Conventional shoulder replacement or “total shoulder arthroplasty” is usually performed with a metal humeral implant with a stem and a ball after resecting the arthritic ball side of the joint and a plastic socket or cup that is cemented in after reaming down the arthritic socket. This total shoulder replacement surgery has had consistent results of good pain relief and functional increases performed for end stage osteoarthritis. Longevity has been reported to be from 15-20 years with a survival rate of 84-95 percent. However, a shoulder replacement is typically performed on patients greater than 60 years old with severe glenohumeral arthritis who have failed conservative care with ongoing pain and functional deficits. These patients are usually lower demand.

Figures A and B: Radiographic views of a shoulder with severe glenohumeral arthritis before (left) and after (right) a conventional total shoulder arthroplasty with a metal ball and stem on the humeral side and a cemented plastic socket. 

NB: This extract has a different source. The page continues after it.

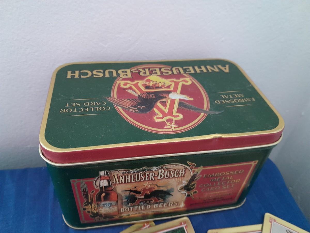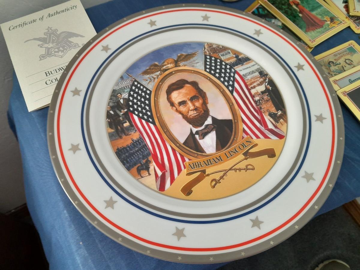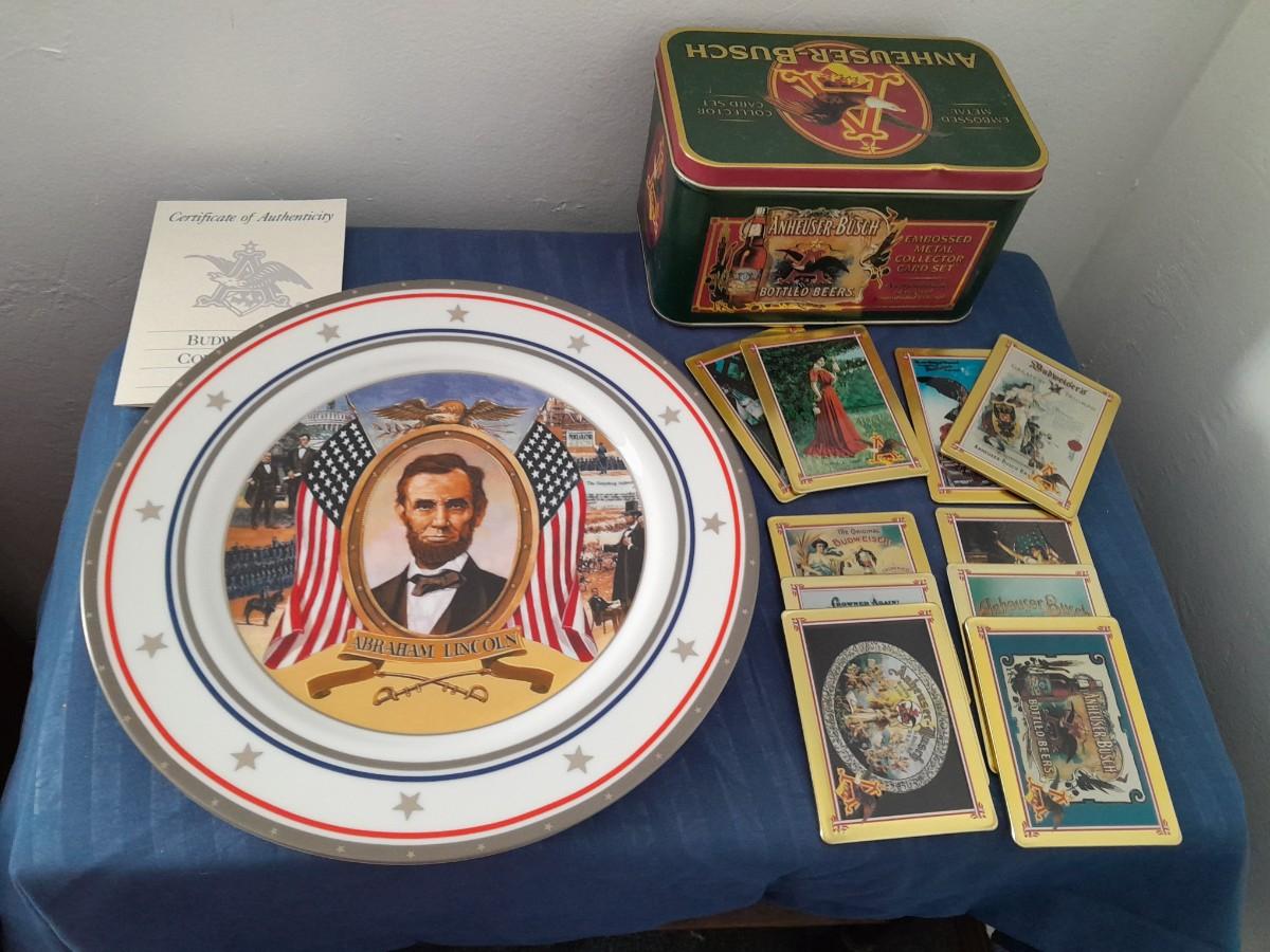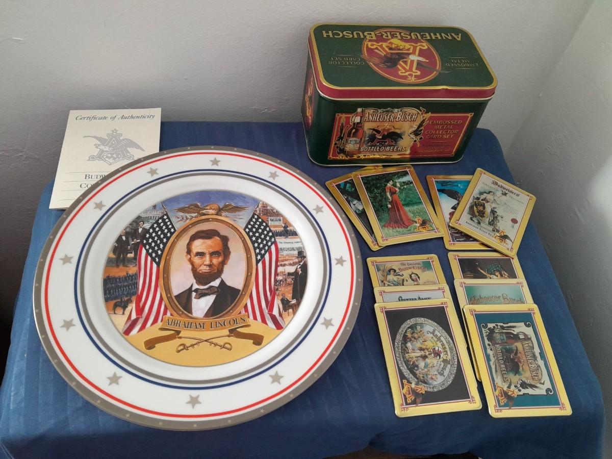 BUDWEISER ABRAHAM LINCOLN COLLECTORS PLATE 10" AND TIN WITH EMBOSSED METAL COLLECTOR CARD SET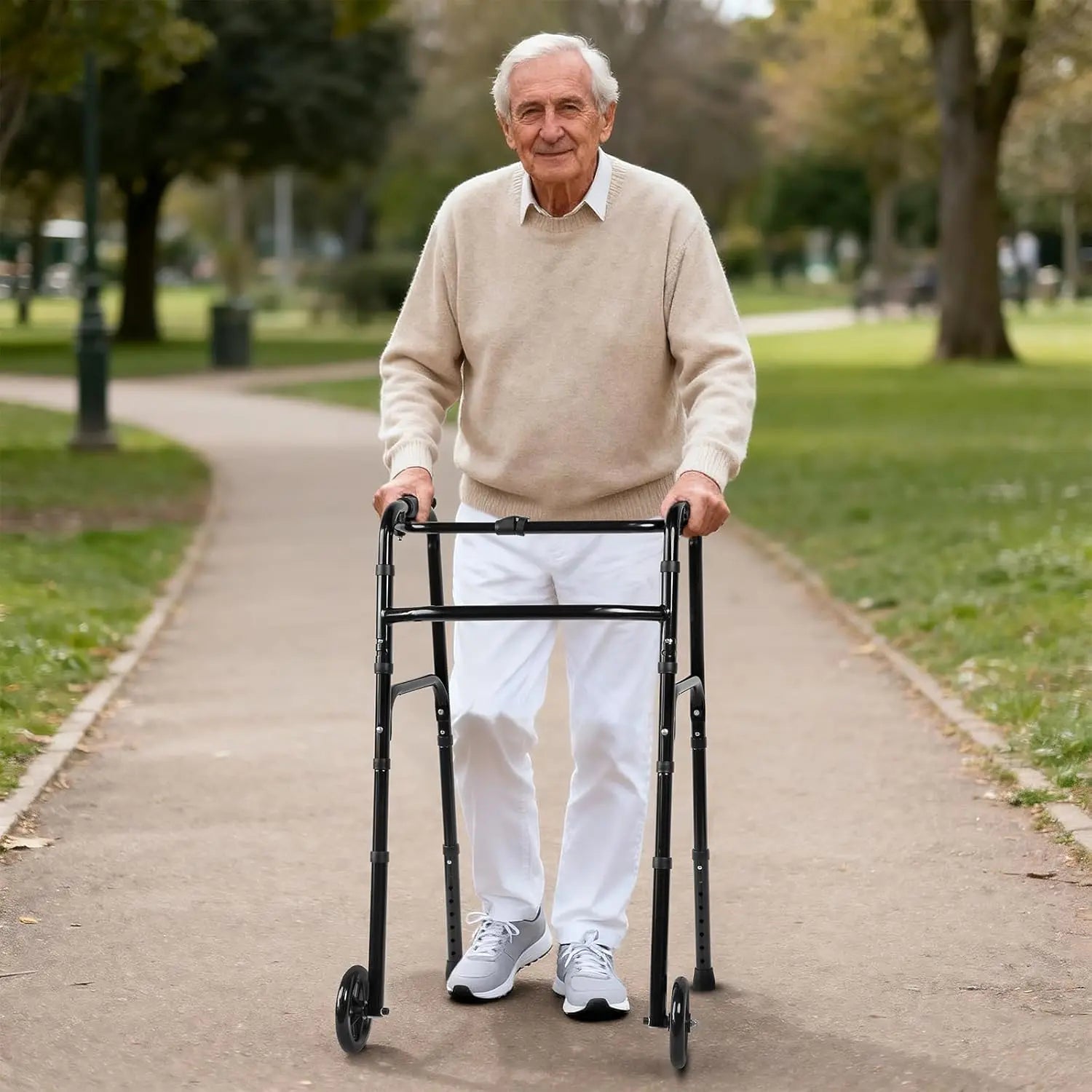Designed for outdoor use, this walker provides steady support on sidewalks, driveways, and uneven paths. The lightweight yet durable frame helps seniors move with confidence while maintaining balance and control outdoors.

Figures C and D: Intra-operative surgical pictures of the deformed arthritic ball of the humerus on the left and after resection of the ball and implantation of trial stem or broach on the right.

Figures E and F: Intra-operative pictures of the glenoid or socket. On the left with exposure of the arthritic socket and on the right after preparation with reamers and drilling holes for the implant.

Figures G and H: Intraoperative pictures of the cemented plastic socket on the left and impacted metal humeral head on the stem on the right.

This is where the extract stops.